2)The EAP Controller will automatically adopt the EAP using the default username and password (both are admin). If the Retry button appears in the Action column, it means that the username and password of the EAP have been changed. You should enter the current username and password of the EAP. If the EAP appears in the Connected list as shown below, it means the EAP has been adopted and can be managed by EAP Controller.

Using Discovery Utility to Discover EAPs via NAT Port Forwarding

Demonstrated with the network topology below, this section provides configuration procedures for managing EAPs at different sites via NAT Port Forwarding with EAP Discovery Utility. the HQ and branch office are connected with each other. The EAP Controller and TL-ER6120 (VPN router) are in subnet 192.168.1.0/24 of HQ. The EAP Discovery Utility, EAP and TL-ER6120 (VPN router) are in subnet 192.168.0.0/24 of the branch office.

Step 1: Configure Port Forwarding Rules on the Router in HQ

1)Go to Advanced > NAT > Virtual Server and configure virtual server for All ports, ranging from 29810 to 29814. Configure Internal Server IP with 192.168.01.253, which is the IP of the Controller Host.

Click OK and the configured NAT Port Forwarding rules will be displayed on the following page.

Step 2Configurations on the Discovery Host

1)Connect the computer that is running EAP Discovery Utility and EAP to the switch in branch office. Then open EAP Discovery Utility to let it discover the EAP as shown below.

2)After EAP Discovery Utility finds the EAP, click Manage, and then fill in the WAN IP address of the router in HQ and the Username/Password of the EAP (admin/admin by default) to let EAP Controller find and manage this EAP.

Step 3: Adopt and Manage EAP

1)Run EAP Controller. The EAP which has been configured by EAP Discovery Utility in the last step will appear in the Pending list as shown below, which means the EAP can be adopted and managed by EAP Controller.

2)The EAP Controller will automatically adopt the EAP using the default username and password (both are admin). If the Retry button appears in the Action column, it means that the username and password of the EAP have been changed. You should enter the current username and password of the EAP. If the EAP appears in the Connected list as shown below, it means the EAP has been adopted and can be managed by EAP Controller.
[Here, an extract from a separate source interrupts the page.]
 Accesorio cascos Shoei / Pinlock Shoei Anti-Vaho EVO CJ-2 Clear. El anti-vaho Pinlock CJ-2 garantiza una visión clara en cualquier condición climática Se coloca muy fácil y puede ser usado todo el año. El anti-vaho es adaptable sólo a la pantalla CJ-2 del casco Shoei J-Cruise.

Using DHCP Option 138 to Discover EAPs via NAT Port Forwarding

Demonstrated with the network topology below, this section provides configuration procedures for managing EAPs at different sites via NAT Port Forwarding with DHCP option 138. As shown below, the EAP Controller and a VPN router (TL-ER6120) are in the subnet 192.168.1.0/24 of HQ. EAP, switch T2600G-28TS as DHCP Server (supporting DHCP option138) and another VPN router (TL-ER6120) are in the subnet 192.168.0.0/24 of Branch Office.

Step 1Configure Port Forwarding Rules on the Router in HQ

1)Go to Advanced > NAT > Virtual Server and configure virtual server for All, ranging from 29810 to 29814. Configure Internal Server IP with 192.168.01.253, which is the IP of the Controller Host.
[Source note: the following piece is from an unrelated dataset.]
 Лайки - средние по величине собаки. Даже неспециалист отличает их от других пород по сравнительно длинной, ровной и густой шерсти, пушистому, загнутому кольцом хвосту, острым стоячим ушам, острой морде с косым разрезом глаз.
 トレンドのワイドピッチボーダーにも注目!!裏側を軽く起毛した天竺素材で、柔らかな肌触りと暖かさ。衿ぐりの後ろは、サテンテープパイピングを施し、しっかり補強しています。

Click OK, the configured NAT Port Forwarding rules will be displayed on the following page.

Step 2: Configurations on Switch in Branch Office

1)Go to Routing > DHCP Server > DHCP Server to enable DHCP Server function. Set DHCP option 138 as the WAN IP (192.168.2.8) address of the router which is behind the EAP Controller in HQ.

Note:

Change switch’s default IP address from 192.168.0.1 to 192.168.0.2 to avoid IP conflict with gateway router.
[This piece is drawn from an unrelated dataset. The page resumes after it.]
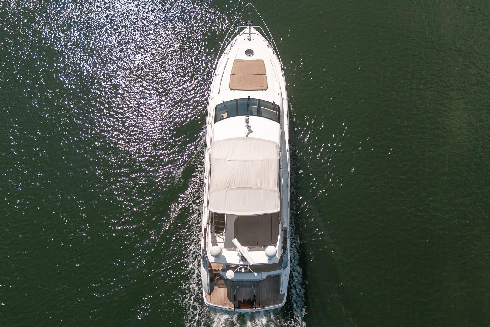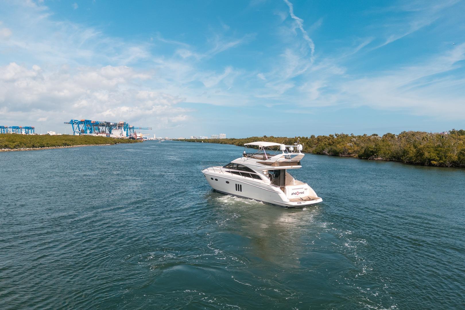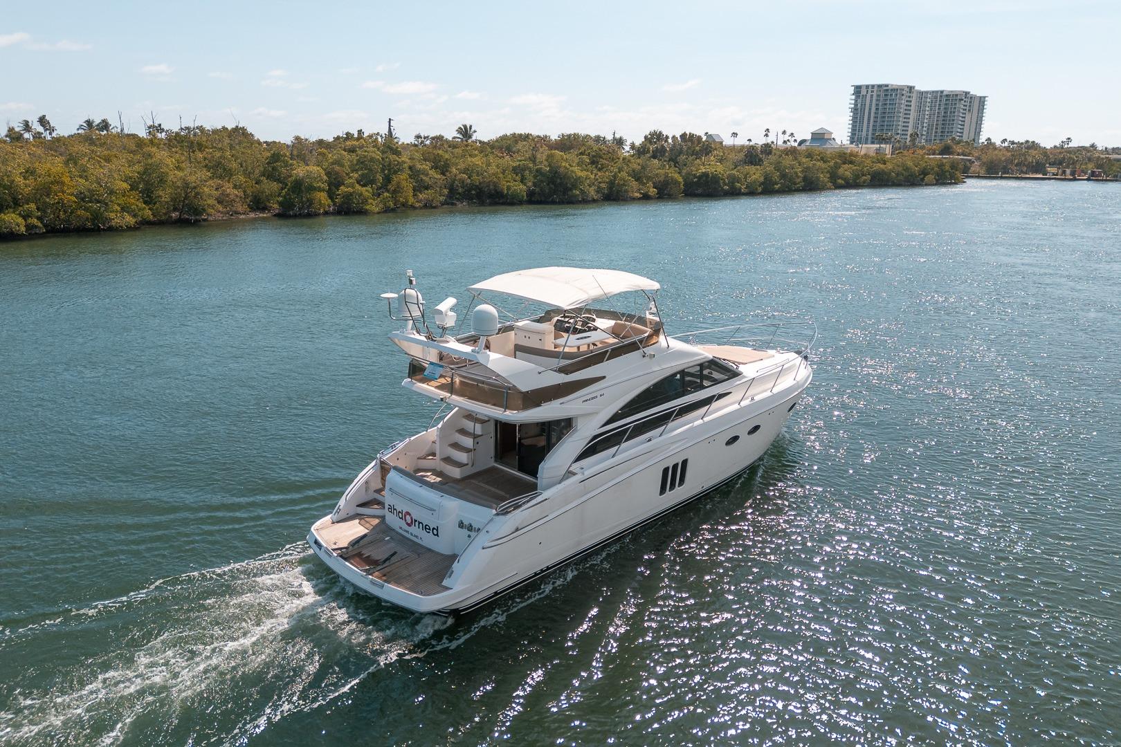 AHDORNED is a 2009 Viking-Princess Yachts 54 Flybridge powered by twin Volvo D12-800 engines producing 775 horsepower each and propelling her to a top speed of 34 knots. She boasts three staterooms including a full-beam master with ensuite head. AHDORNED has a molded-in swim platform with teak overlay and port transom gate that leads to the cockpit with also teak overlay, bench seating on the transom and freshwater shower to port. Port of the cockpit there are steps that lead up to the flybridge which comes fitted with dual helm seats forward and to port, U-shaped seating with table to starboard, sun pad aft, fiberglass arch aft and Bimini top forward of the arch. Side decks take you to the forward deck with over-sized sun pad. Access to the interior is through the glass sliding doors in the cockpit. Main salon comes equipped with U-shaped leather settee with wood dinette table to starboard and wet bar/entertainment center to port. Forward and to starboard of the main salon is the dual helm seat to starboard and a U-shaped guest seating with table directly across. Center line steps lead down to the galley to port and the guest double bunk cabin to starboard. Forward and to starboard of the guest cabin is a private head and shower. Continuing forward is the forward stateroom. Aft of the galley is the main stateroom with en-suite head/shower to port.

2)Go to Routing > DHCP Server > Pool Setting to configure 192.168.0.0/24 IP address pool for EAPs, and Click Apply.

Step 3: Adopt and Manage EAP

1)Run EAP Controller. The EAP which has been configured by DHCP option 138 in the last step will appear in the Pending list as shown below, which means the EAP can be adopted and managed by the EAP Controller.

2)The EAP Controller will automatically adopt the EAP using the default username and password (both are admin). If the Retry button appears in the Action column, it means that the username and password of the EAP have been changed. You should enter the current username and password of the EAP. If the EAP appears in the Connected list as shown below, it means the EAP has been adopted and can be managed by the EAP Controller.